So you mean even if we do get some additional supplementary leverage ratio and may be higher (inaudible) or domestic (inaudible), you feel like that the dialogue is being constructive and you will still be in a position in the next couple of years to return on capital.

Brian T. Moynihan

We are doing it now and I assume that we will stay in that condition. In LCR and things like that, we’ve made some of the dialogue about (inaudible) levels if you look at the math, we’re fine and so this will all work through, but I think, we can manage the company in that regard.

John E. McDonald - Sanford C. Bernstein & Co., LLC

So as you mentioned you got approval for a nice buyback conversation this year, what will it take for you to get confidence in the dividend request and how you think about the next couple years?

John E. McDonald - Sanford C. Bernstein & Co., LLC

Well, I think it’s confidence in the stability of earning stream because if you go back to 2010, we talked about, our view of capital was from a recurring earnings, dividend you want to pay sort of 30% and that some more quantified the way it works, but that was sort of our position on a theory that one of the risk is you get the dividend expectation so high that you can never slow it down, and then the rest of that was buyback sort of things.

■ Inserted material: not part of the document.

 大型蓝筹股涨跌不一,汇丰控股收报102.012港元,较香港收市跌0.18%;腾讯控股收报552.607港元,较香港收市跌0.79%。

So if you think about our first step was to get the right, do something with our capital and the next step is get the right to do with most of capital is already below the levels and then how do you do that, I think, really comes down to recurring earnings confidence in the earning stream and that quarters where cost savings are down and legacy issues are behind you that you wouldn’t be in a position that if you move the dividend and then had earnings quarter we had a settlement of suit that somehow you buy away, payout more than you earned or something like that and I think that time is coming out soon, and that’s what we got to work on.

So this is a process we’ll go the process, we’ll go through the process and the one thing I’ve learned after going through it now four times or whatever it is, is I will not get in the front of the process but – it is recurring earnings and that – but that’s no different from what the pressure we put on ourselves.

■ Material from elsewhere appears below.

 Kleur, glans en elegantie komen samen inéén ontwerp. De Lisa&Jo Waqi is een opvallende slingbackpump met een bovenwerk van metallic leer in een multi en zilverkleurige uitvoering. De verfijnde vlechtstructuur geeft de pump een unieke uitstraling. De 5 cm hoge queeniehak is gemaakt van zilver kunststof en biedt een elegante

John E. McDonald - Sanford C. Bernstein & Co., LLC

Right, so that you’ve got the capital level to the point with the buyback is doable and have [success] within, so its really some work to do on that recurring earning streaming proving that consistency overtime.

Brian T. Moynihan

And then just – the $8.5 billion, how do I might get them through. It just an – more less, less tail risk and more and more predictability.

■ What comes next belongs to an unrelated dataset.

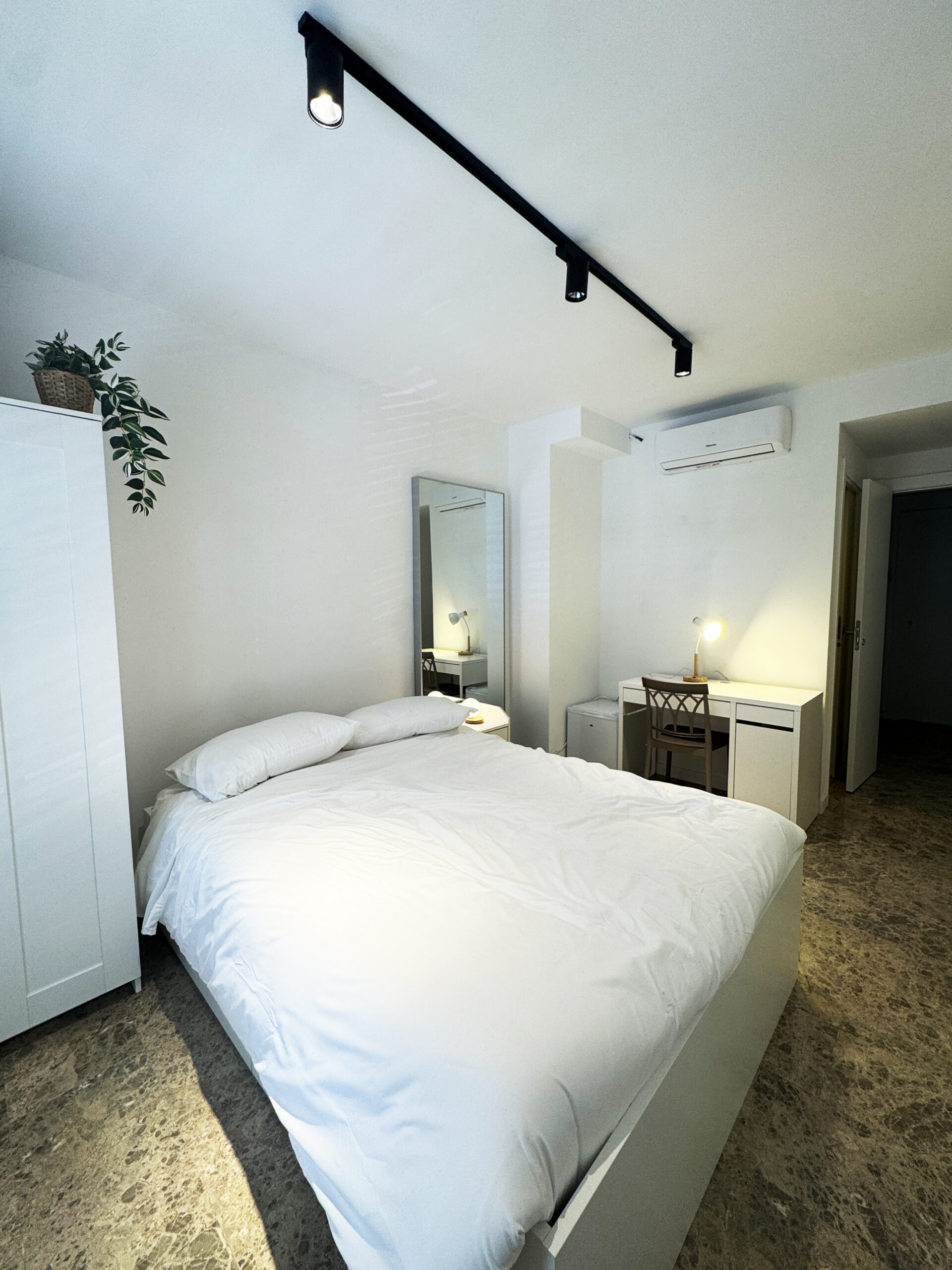 La habitación es luminosa y está totalmente equipada, ofreciendo el equilibrio perfecto entre privacidad y vida en comunidad. Dispone de baño privado, cama confortable con almacenaje, armario amplio y zona de estudio.

John E. McDonald - Sanford C. Bernstein & Co., LLC

How important are the swaps rules (inaudible) some of the market based regulatory reform that’s still kind of up in the air – is there big impact on you or is it

Brian T. Moynihan

It is – it all has an impact, I mean but I don’t think most of us believe, – is always we can do, we need to do for the customer, we treat the corporate customers and swaps or try – investors and swaps in and other activity – training activity whatever commodity whatever. As long as we can serve the need of the market I think we’re fine because if you are serving the needs of the market and have the capital and people need your capital and some buy some of the research and other things, with those people, you figure out a way that you can earn a reasonable return you can’t do it.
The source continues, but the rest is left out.